Excerpts from a dataset

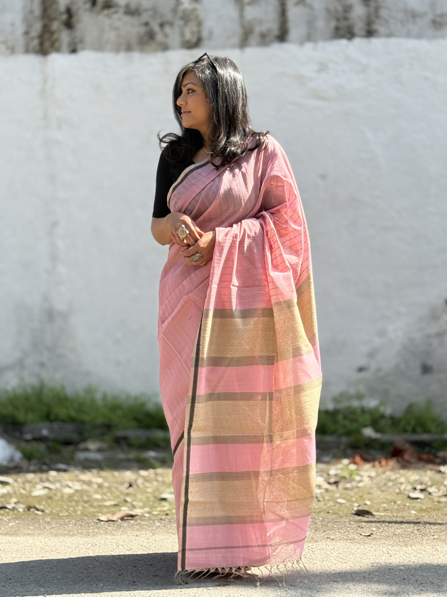 PINK MAHESHWARI SILK AND COTTON JUTE WOVEN STRIPED SARI WITH RESHAM BORDER AND JUTE WOVEN PALLA.
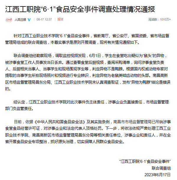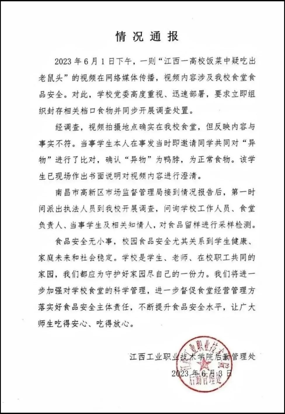 6月2日,據(jù)“@沸點(diǎn)視頻”稱,6月1日,網(wǎng)曝江西工業(yè)職業(yè)技術(shù)學(xué)院學(xué)生吃飯吃出來老鼠頭。據(jù)抖音短視頻顯示,一男子告知食堂工作人員吃出來老鼠頭,工作人員表示“是鴨肉”。報(bào)道稱,涉事的學(xué)校餐飲公司南昌市菁禾餐飲工作人員表示“已經(jīng)看到視頻了,會去調(diào)查核實(shí)處理”。隨后“@頭條新聞”等賬號轉(zhuǎn)載該新聞,部分網(wǎng)民留言評論表示“不信”,并調(diào)侃稱“說是鴨肉的那個(gè)讓他吃掉”。
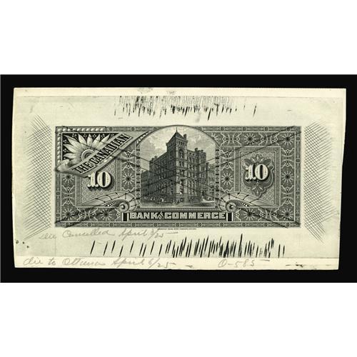 <B>Toronto, ON- Canadian Bank of Commerce</B></I> $10 (1888 - 1912) Charlton 75-14-16P thru 28P Back Proof<BR>This black and white proof was printed on card stock. Ink smudging is found on this proof plus extraneous ink and cross-hatch lines. It also has been pen cancelled. There are notations on the face and back and we learn from this that this die was also cancelled on April 3, 1925. <B>Crisp Uncirculated.</B></I>
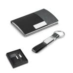 Kit de porta cartões e chaveiro em c. sintético e metal. Fornecido em caixa almofadada. Chaveiro: 15 x 92 x 8 mm | Porta cartões: 97 x 65 x 11 mm | Caixa: 154 x 143 x 34 mm
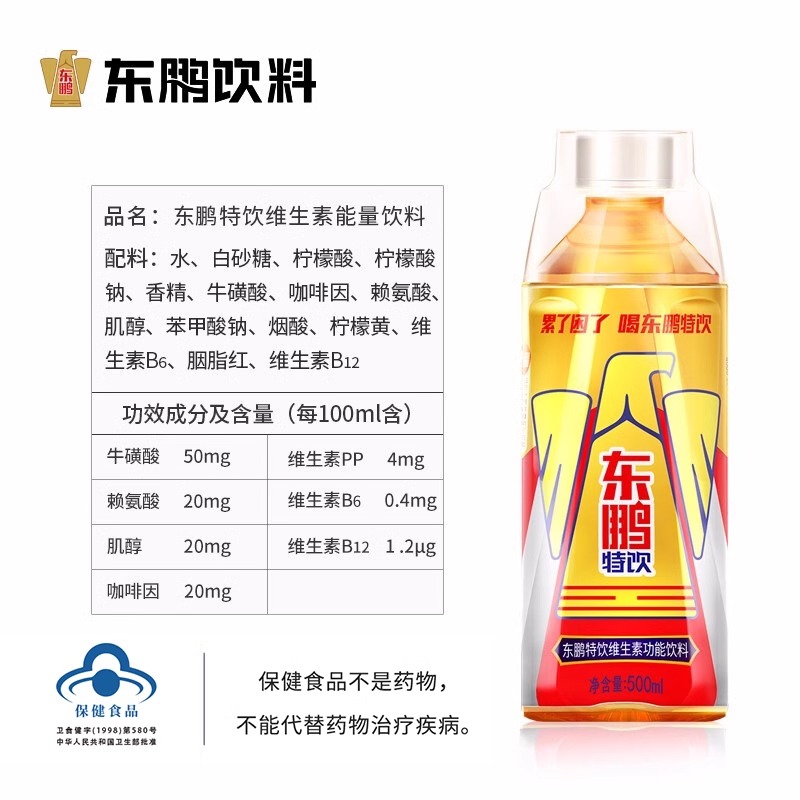 东鹏特饮维生素饮料500m*12瓶整箱加班熬夜提神能量饮料保健食品
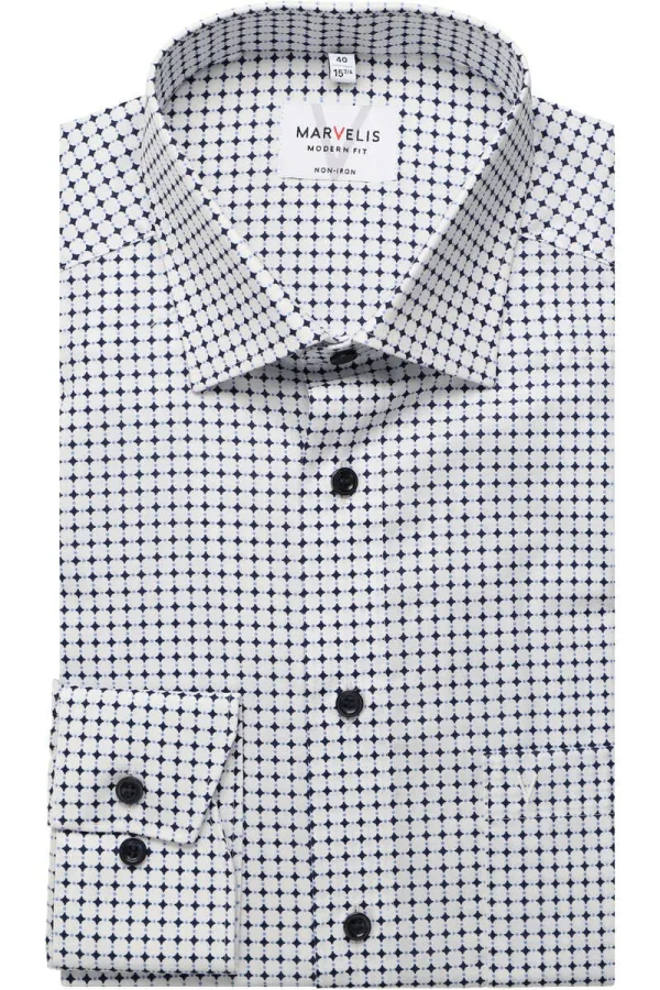 Marvelis Modern Fit Overhemd blauw, Motief Prijzen
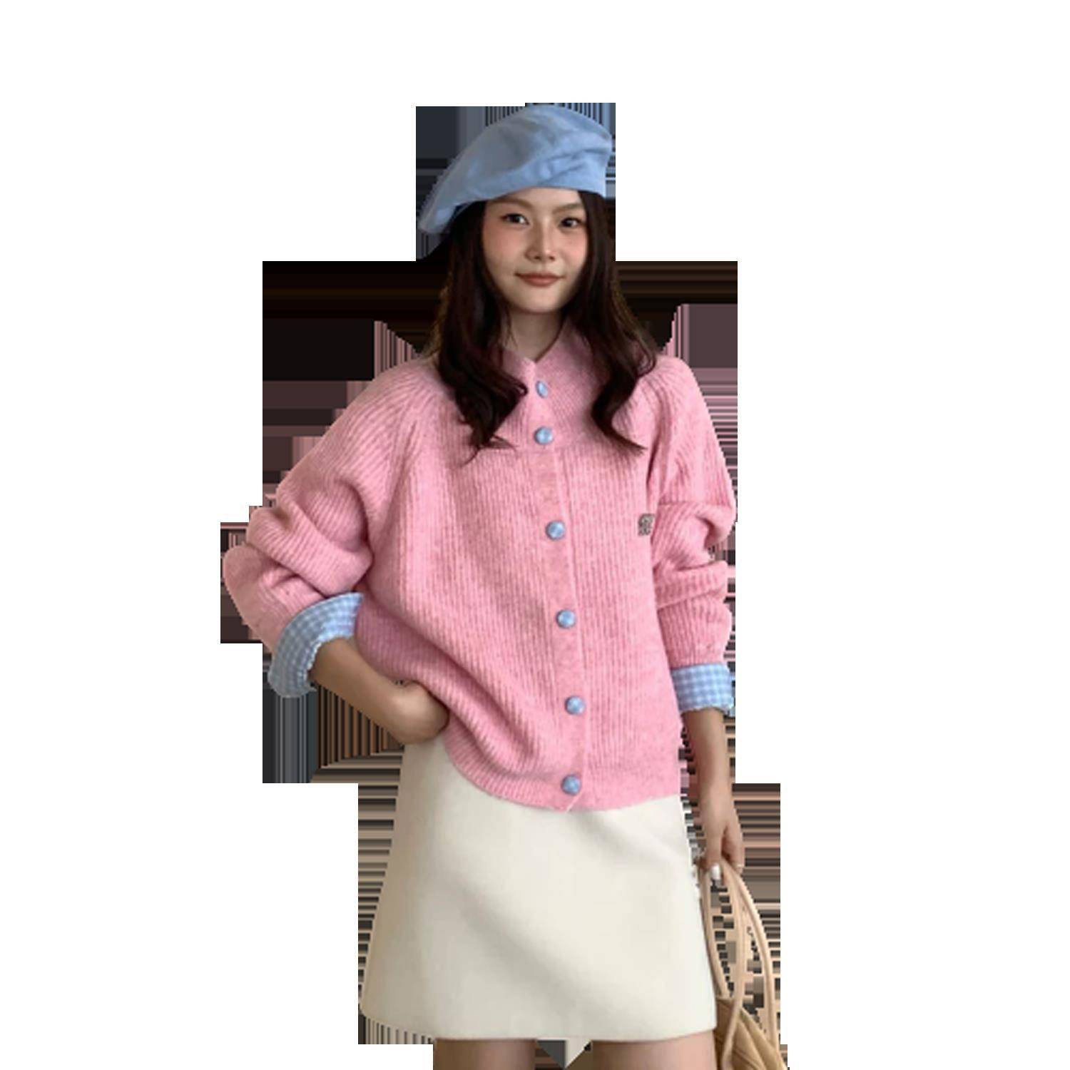 韩系宽松减龄气质针织开衫女上衣秋冬季小个子半高领外穿毛衣外套
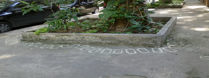 ...outra vez. Então Fabiano teve a idéia de costurar o espaço do bairro pintando esses desenhos na calçada, intervenção direta e precisa, sem precisar de muitas intervenções nos canteiros particulares dos seus respectivos moradores.
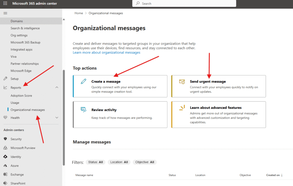 Navigate to Reports –> Organizational messages–> create a message or send urgent message

## Goal of the exercise
When you reproduce the data shown above, keep each line exact and omit every picture.

## Result of this exercise
 PINK MAHESHWARI SILK AND COTTON JUTE WOVEN STRIPED SARI WITH RESHAM BORDER AND JUTE WOVEN PALLA.
 6月2日,據(jù)“@沸點(diǎn)視頻”稱,6月1日,網(wǎng)曝江西工業(yè)職業(yè)技術(shù)學(xué)院學(xué)生吃飯吃出來老鼠頭。據(jù)抖音短視頻顯示,一男子告知食堂工作人員吃出來老鼠頭,工作人員表示“是鴨肉”。報(bào)道稱,涉事的學(xué)校餐飲公司南昌市菁禾餐飲工作人員表示“已經(jīng)看到視頻了,會去調(diào)查核實(shí)處理”。隨后“@頭條新聞”等賬號轉(zhuǎn)載該新聞,部分網(wǎng)民留言評論表示“不信”,并調(diào)侃稱“說是鴨肉的那個(gè)讓他吃掉”。
 <B>Toronto, ON- Canadian Bank of Commerce</B></I> $10 (1888 - 1912) Charlton 75-14-16P thru 28P Back Proof<BR>This black and white proof was printed on card stock. Ink smudging is found on this proof plus extraneous ink and cross-hatch lines. It also has been pen cancelled. There are notations on the face and back and we learn from this that this die was also cancelled on April 3, 1925. <B>Crisp Uncirculated.</B></I>
 Kit de porta cartões e chaveiro em c. sintético e metal. Fornecido em caixa almofadada. Chaveiro: 15 x 92 x 8 mm | Porta cartões: 97 x 65 x 11 mm | Caixa: 154 x 143 x 34 mm
 东鹏特饮维生素饮料500m*12瓶整箱加班熬夜提神能量饮料保健食品
 Marvelis Modern Fit Overhemd blauw, Motief Prijzen
 韩系宽松减龄气质针织开衫女上衣秋冬季小个子半高领外穿毛衣外套
 ...outra vez. Então Fabiano teve a idéia de costurar o espaço do bairro pintando esses desenhos na calçada, intervenção direta e precisa, sem precisar de muitas intervenções nos canteiros particulares dos seus respectivos moradores.
 Navigate to Reports –> Organizational messages–> create a message or send urgent message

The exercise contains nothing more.